Why is the BSD Conjecture relevant to rank estimation? Because it helps us overcome the crucial obstacle to computing analytic rank exactly: without extra knowledge, it's impossible to decide using numerical techniques whether the $n$th derivative of the $L$-function at the central point is exactly zero, or just so small that it looks like it is zero to the precision that we're using. If we can use the BSD formula to show a priori that $a_0$ must be at least $M_E$ in magnitude, where $M_E$ is some number that depends only on some easily computable data attached to the elliptic curve $E$, then all we need to do is evaluate successive derivatives of $L_E$ at the central point to enough precision to decide if that derivative is less than $M_E$ or not; this is readily doable on a finite precision machine. Keep going until we hit a derivative which is then definitely greater than $M_E$ in magnitude, at which we can halt and declare that the analytic rank is precisely the order of that derivative.

In the context of the explicit formula-based zero sum rank estimation method implemented in our GSoC project, the size of the leading coefficient also controls how far close the lowest noncentral zero can be from the central point. Specifically, we have the folling result: Let $\gamma_0$ be the lowest-lying noncentral zero for $L_E$ (i.e. the zero closest to the central point that is not actually at the central point); let $\Lambda_E(s) = N^{s/2}(2\pi)^s\Gamma(s)L_E(s)$ is the completed $L$-function for $E$, and let $\Lambda_E(1+s) = s^{r_{an}}\left[b_0 + b_1 s + b_2 s^2 \ldots\right]$ be the Taylor expansion of $\Lambda_E$ about the central point. Then:
$$ \gamma_0 > \sqrt{\frac{b_0}{b_2}}. $$
Thankfully, $b_0$ is easily relatable back to the constant $a_0$, and we have known computable upper bounds on the magnitude of $b_2$, so knowing how small $a_0$ is tells us how close the lowest zero can be to the central point. Thus bounding $a_0$ from below in terms of some function of $E$ tells us how large of a $\Delta$ value we need to use in our zero sum, and thus how long the computation will take as a function of $E$.

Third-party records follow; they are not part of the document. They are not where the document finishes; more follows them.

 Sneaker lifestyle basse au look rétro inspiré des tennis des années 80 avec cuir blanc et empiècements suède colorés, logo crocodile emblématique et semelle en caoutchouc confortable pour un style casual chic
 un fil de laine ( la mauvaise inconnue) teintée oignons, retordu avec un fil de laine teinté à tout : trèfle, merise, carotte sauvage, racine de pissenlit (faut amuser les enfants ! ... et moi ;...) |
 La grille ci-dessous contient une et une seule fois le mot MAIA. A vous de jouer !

If this perhaps sounds a bit handwavy at this point it's because this is all still a work in progress, to be published as part of my dissertation. Nevertheless, the bottom line is that bounding the leading $L$-series coefficient from below gives us a way to directly analyze the computational complexity of analytic rank methods. 

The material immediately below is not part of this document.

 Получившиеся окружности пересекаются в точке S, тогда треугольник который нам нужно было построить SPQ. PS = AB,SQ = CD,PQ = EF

I hope to go into more detail in a future post about what we can do to bound from below the leading coefficient of $L_E$ at the central point, and why this is a far from straightforward endeavour.

3 comments:

  1. I am trying to understand the genesis of your rank 0 example with a low height zero. It seems to me that you want small conductor as the lowest lying zero is expected at 2*Pi/log(N), versus the size of the real period for the latter dominates the BSD-quotient and is something like Delta^(-1/12). In other words, you want good ABC-examples with (log Delta/log N) as large as possible? Is the example you chose the best one (N=256944) in Cremona's database?

    In other words, taking Sha=Tors=1, the L-value is about 1/omega, though in these ABC examples you should account Tamagawa numbers too (here the product is 2). This small size of L(E,1) is then redolent of low-lying zeros by basic calculus, the second derivative that you display measures this more exactly but is of a generic nontrivial size (a power of log(N)?).

    Actually, maybe asymptotically the 2*Pi/log(N) is irrelevant, and you only want examples where 1/omega is small, giving a small L-value and then presumably close zeros. OTOH, to be able to compute a numerical example in the way you did, you need the conductor small enough to compute the zeros by a sqrt(N) method (Rubinstein's L package).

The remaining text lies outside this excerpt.